Write again exactly the lines in the listing below, starting at the line with "Nous abritons environ" and ending at the line with "Unique bamboo stand", both included. Pictures are not copied.

----------------

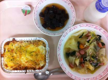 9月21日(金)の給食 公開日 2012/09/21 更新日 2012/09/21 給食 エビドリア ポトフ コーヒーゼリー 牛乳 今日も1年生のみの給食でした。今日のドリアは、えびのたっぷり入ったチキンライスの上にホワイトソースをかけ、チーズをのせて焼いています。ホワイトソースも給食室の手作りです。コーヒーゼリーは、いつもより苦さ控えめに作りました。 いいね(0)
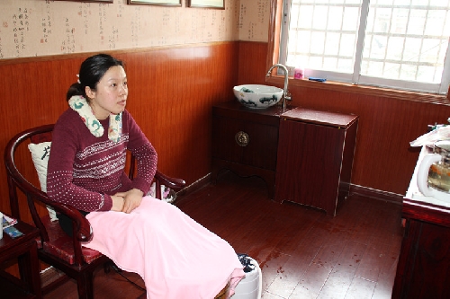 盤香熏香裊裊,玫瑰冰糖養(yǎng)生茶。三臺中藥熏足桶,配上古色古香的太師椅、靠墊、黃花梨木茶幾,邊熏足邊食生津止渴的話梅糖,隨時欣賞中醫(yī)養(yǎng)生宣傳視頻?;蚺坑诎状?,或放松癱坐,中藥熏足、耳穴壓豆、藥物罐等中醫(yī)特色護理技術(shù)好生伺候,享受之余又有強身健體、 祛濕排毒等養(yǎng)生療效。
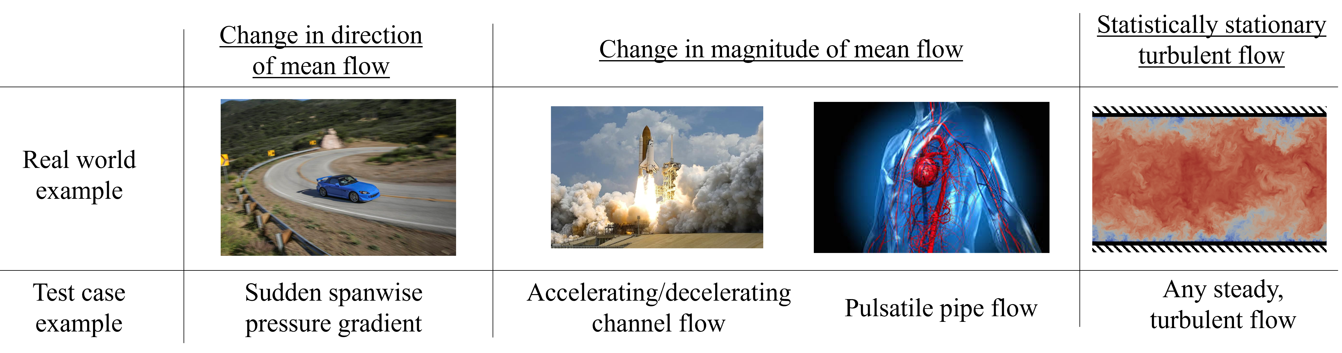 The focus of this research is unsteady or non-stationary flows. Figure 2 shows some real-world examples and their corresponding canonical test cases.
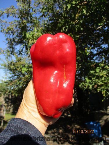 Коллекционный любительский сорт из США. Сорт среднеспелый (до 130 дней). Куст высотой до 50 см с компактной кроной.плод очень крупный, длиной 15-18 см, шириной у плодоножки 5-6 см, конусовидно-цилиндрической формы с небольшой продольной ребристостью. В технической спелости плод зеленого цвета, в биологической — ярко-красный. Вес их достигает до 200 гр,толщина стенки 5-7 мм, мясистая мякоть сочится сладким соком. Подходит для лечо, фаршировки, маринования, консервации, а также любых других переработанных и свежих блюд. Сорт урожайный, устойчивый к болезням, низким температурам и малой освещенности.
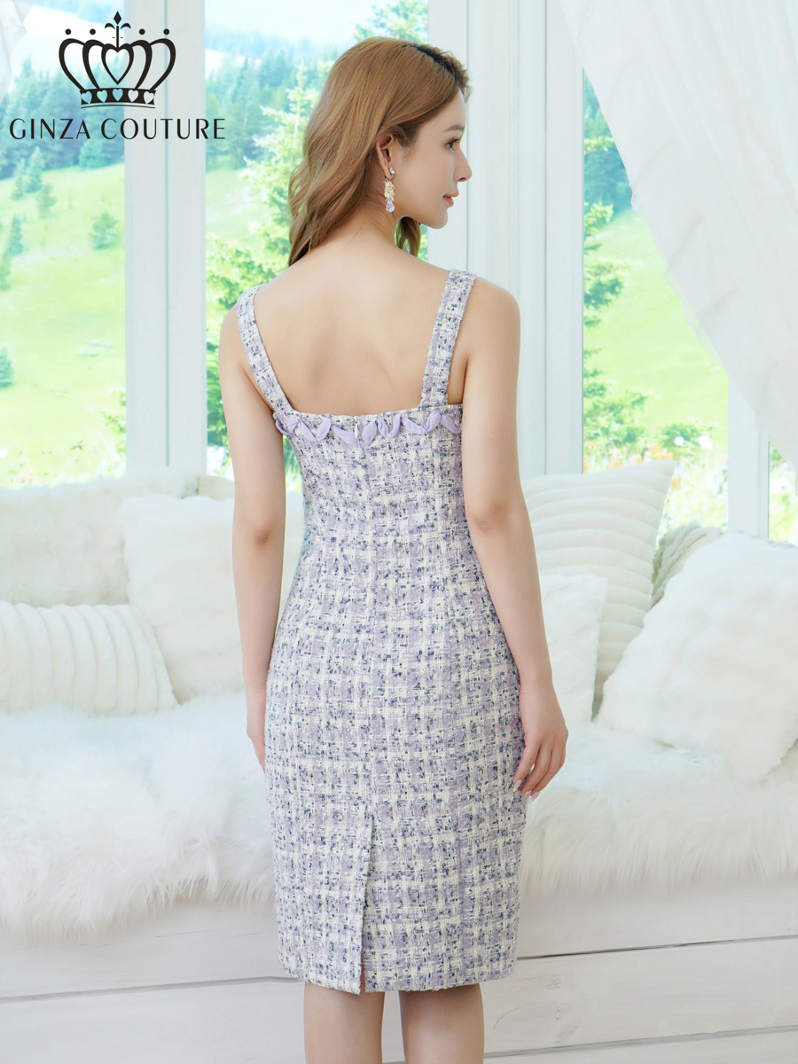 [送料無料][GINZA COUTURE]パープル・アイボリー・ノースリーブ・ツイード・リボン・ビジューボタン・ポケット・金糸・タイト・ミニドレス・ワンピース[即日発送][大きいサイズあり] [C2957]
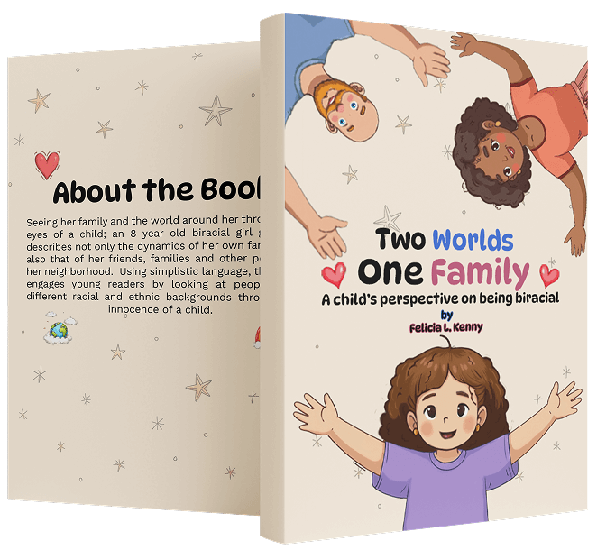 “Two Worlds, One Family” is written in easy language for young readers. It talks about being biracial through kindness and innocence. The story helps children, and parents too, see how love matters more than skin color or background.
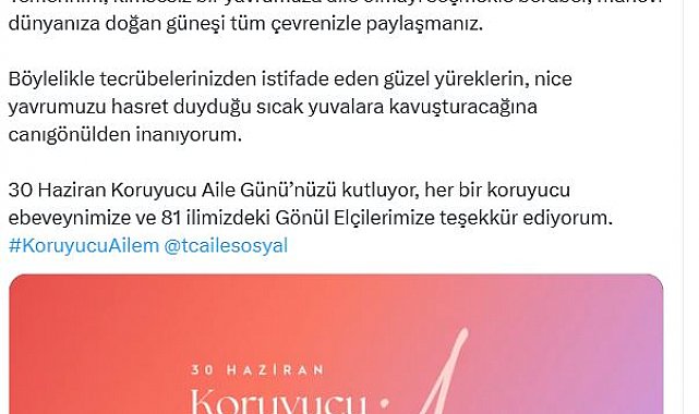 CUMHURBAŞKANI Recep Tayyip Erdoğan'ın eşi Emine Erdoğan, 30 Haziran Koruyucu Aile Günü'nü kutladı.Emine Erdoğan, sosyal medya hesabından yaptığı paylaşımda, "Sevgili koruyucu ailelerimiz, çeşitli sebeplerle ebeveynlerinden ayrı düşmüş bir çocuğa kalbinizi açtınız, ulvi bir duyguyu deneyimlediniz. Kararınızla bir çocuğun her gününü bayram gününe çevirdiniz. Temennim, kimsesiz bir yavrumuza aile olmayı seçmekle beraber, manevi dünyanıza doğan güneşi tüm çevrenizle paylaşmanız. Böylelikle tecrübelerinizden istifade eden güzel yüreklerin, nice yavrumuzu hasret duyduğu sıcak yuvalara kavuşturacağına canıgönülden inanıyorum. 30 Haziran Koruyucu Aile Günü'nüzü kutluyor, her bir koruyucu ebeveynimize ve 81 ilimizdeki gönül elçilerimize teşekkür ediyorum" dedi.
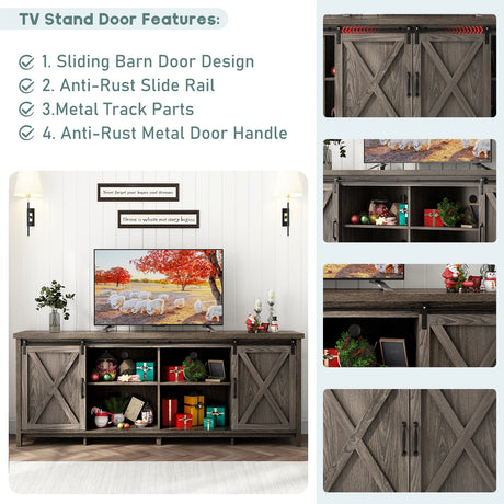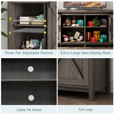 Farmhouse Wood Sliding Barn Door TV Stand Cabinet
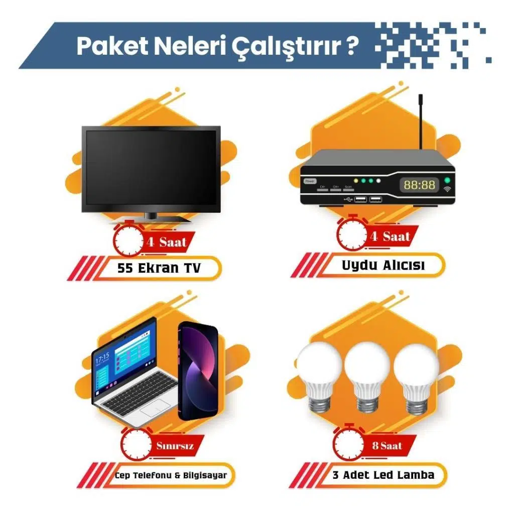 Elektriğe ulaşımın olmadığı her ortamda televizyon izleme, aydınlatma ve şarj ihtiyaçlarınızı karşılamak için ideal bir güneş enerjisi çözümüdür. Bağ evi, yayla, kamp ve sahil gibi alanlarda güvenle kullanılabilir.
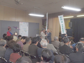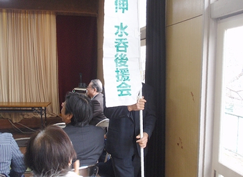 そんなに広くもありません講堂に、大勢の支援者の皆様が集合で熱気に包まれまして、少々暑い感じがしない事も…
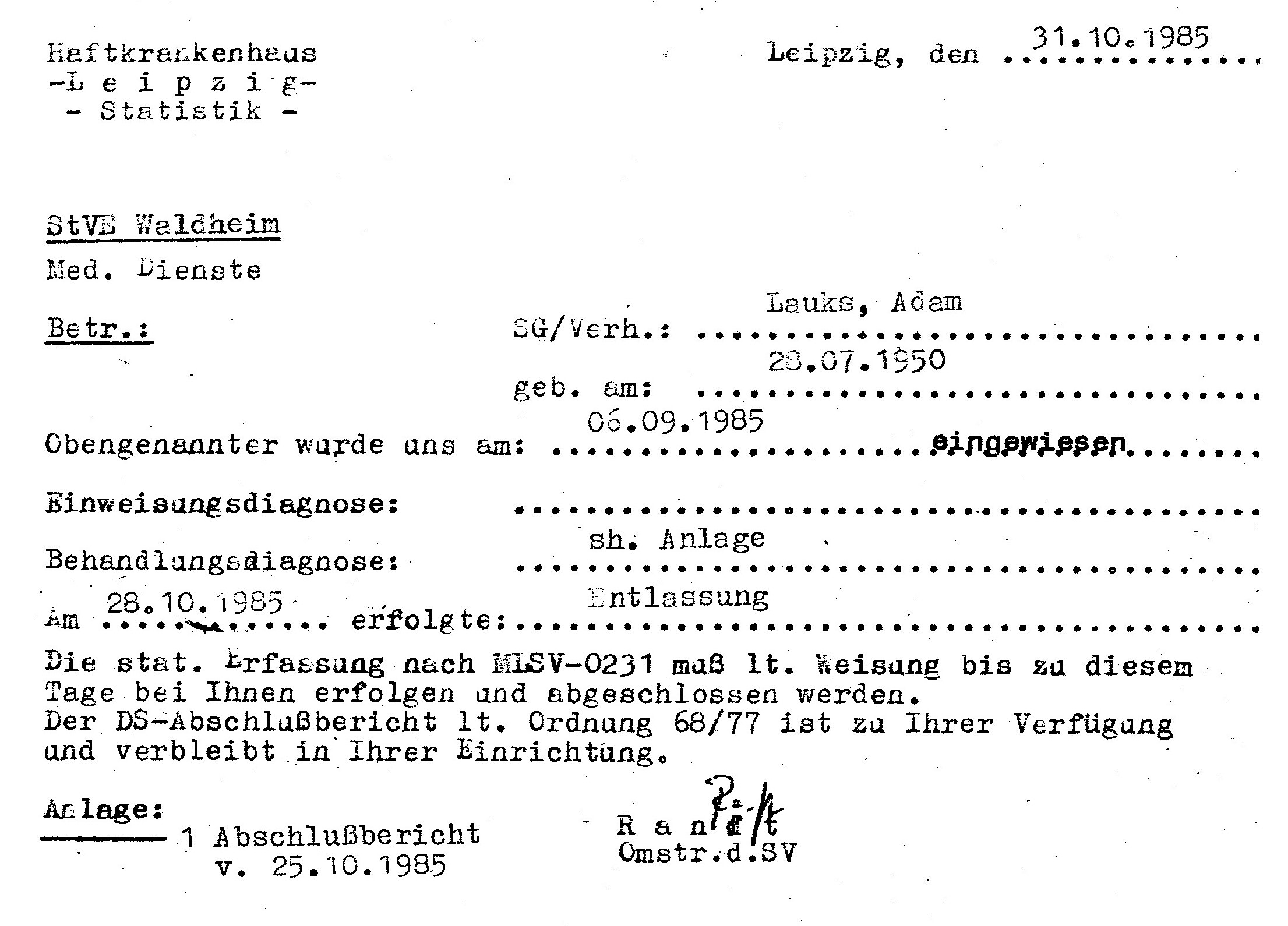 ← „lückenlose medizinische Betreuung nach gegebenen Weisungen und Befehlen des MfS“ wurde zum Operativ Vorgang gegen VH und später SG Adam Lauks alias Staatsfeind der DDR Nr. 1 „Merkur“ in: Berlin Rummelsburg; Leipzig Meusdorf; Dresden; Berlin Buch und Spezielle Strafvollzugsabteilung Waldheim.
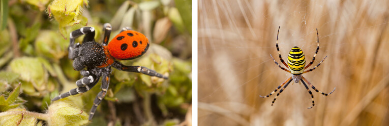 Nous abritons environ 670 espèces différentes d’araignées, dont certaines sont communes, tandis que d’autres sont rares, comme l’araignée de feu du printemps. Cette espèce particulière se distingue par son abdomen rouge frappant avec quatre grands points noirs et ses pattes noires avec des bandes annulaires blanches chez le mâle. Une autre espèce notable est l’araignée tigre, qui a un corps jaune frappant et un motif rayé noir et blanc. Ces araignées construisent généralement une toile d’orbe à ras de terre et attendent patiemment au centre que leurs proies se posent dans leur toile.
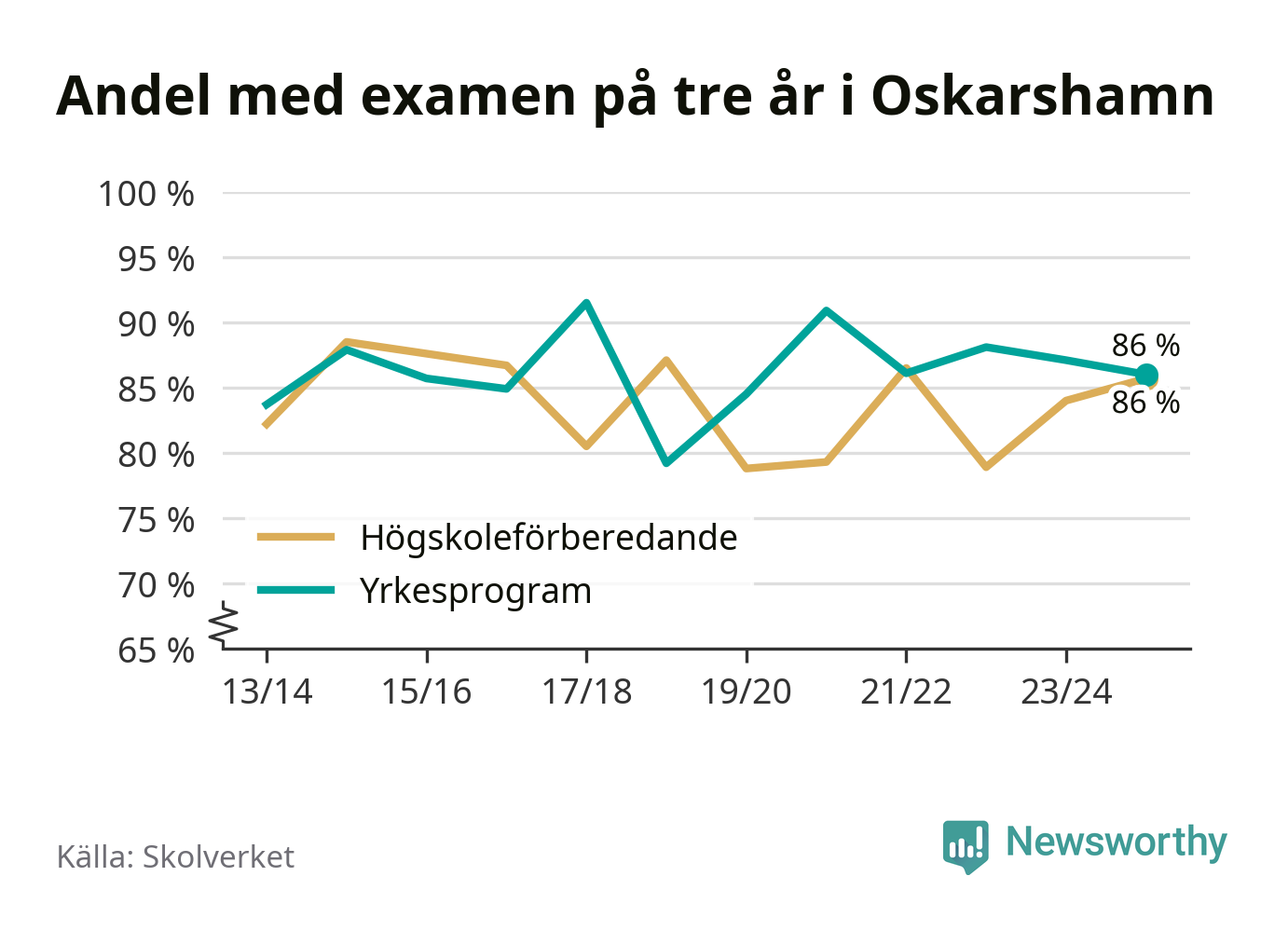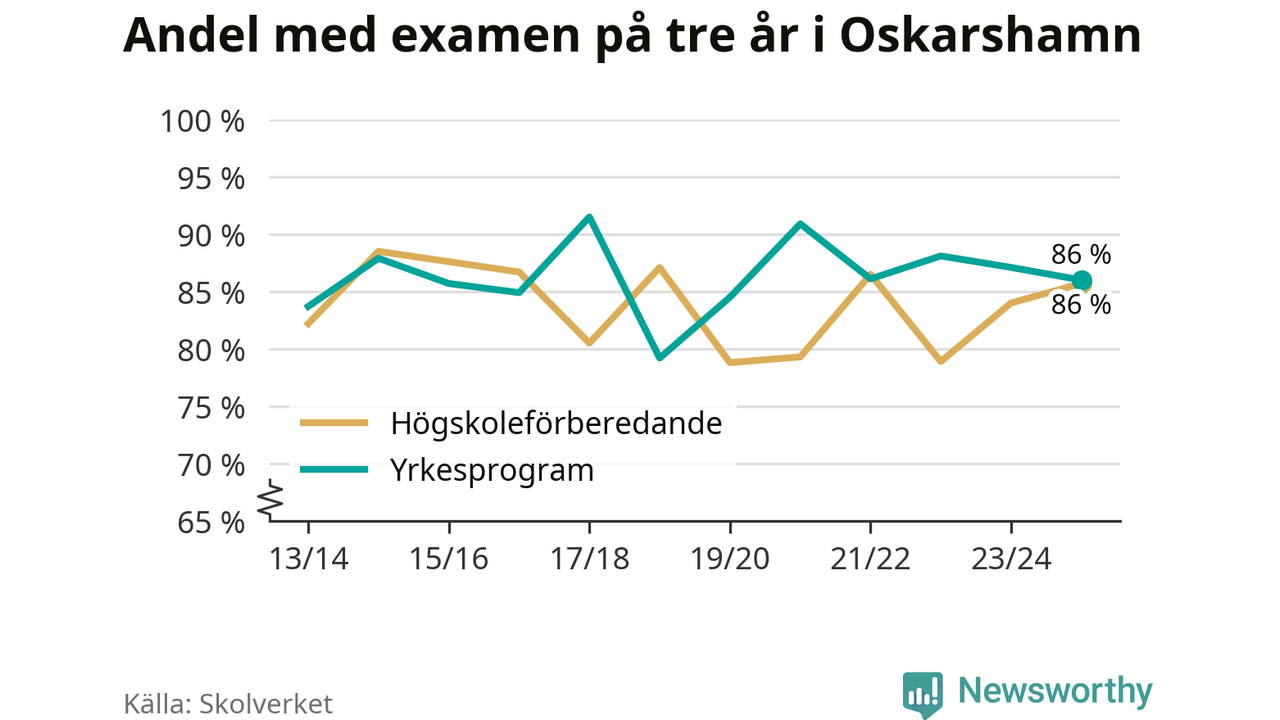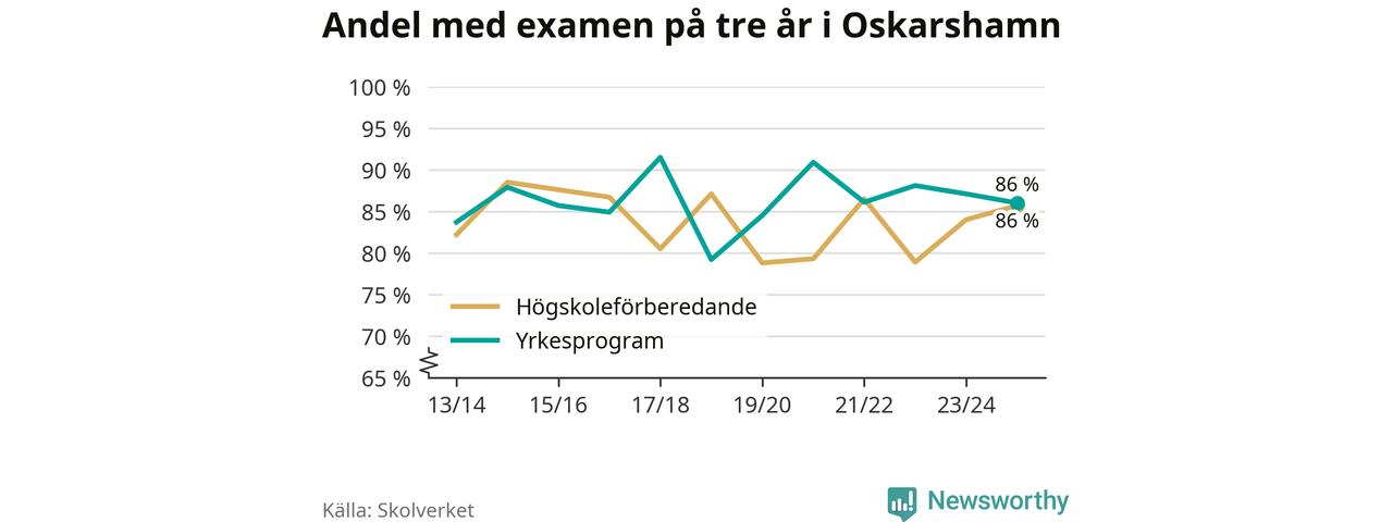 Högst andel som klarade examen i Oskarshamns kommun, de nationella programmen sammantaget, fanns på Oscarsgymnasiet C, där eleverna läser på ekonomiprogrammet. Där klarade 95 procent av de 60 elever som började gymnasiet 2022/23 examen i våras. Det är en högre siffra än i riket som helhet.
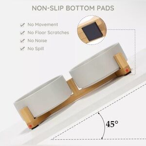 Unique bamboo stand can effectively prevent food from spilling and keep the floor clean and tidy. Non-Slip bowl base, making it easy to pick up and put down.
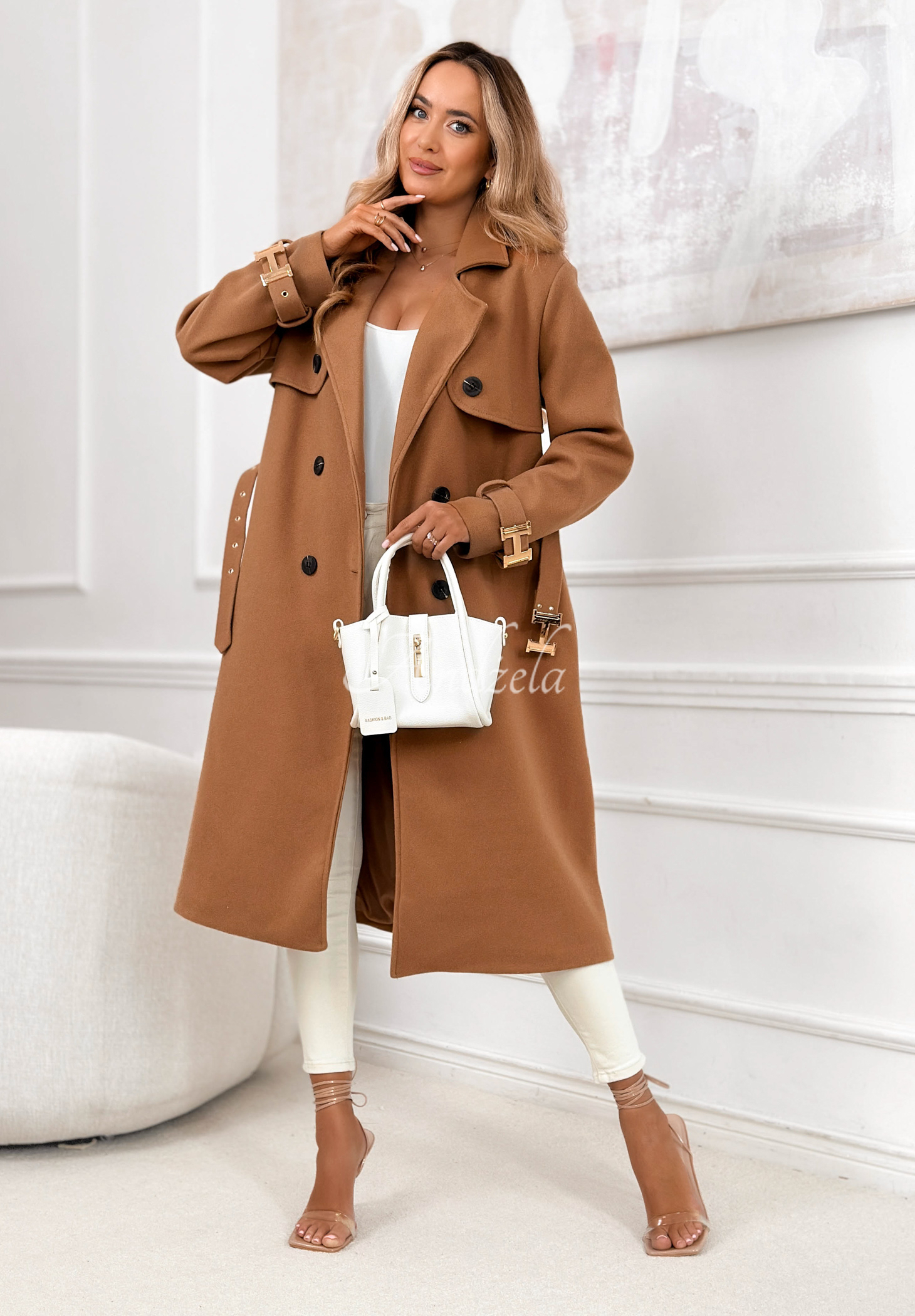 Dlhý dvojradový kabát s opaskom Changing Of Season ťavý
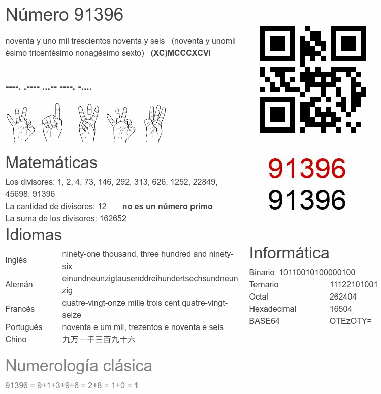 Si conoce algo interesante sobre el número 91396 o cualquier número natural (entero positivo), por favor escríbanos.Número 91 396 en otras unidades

----------------

* Task output
 Nous abritons environ 670 espèces différentes d’araignées, dont certaines sont communes, tandis que d’autres sont rares, comme l’araignée de feu du printemps. Cette espèce particulière se distingue par son abdomen rouge frappant avec quatre grands points noirs et ses pattes noires avec des bandes annulaires blanches chez le mâle. Une autre espèce notable est l’araignée tigre, qui a un corps jaune frappant et un motif rayé noir et blanc. Ces araignées construisent généralement une toile d’orbe à ras de terre et attendent patiemment au centre que leurs proies se posent dans leur toile.
 Högst andel som klarade examen i Oskarshamns kommun, de nationella programmen sammantaget, fanns på Oscarsgymnasiet C, där eleverna läser på ekonomiprogrammet. Där klarade 95 procent av de 60 elever som började gymnasiet 2022/23 examen i våras. Det är en högre siffra än i riket som helhet.
 Unique bamboo stand can effectively prevent food from spilling and keep the floor clean and tidy. Non-Slip bowl base, making it easy to pick up and put down.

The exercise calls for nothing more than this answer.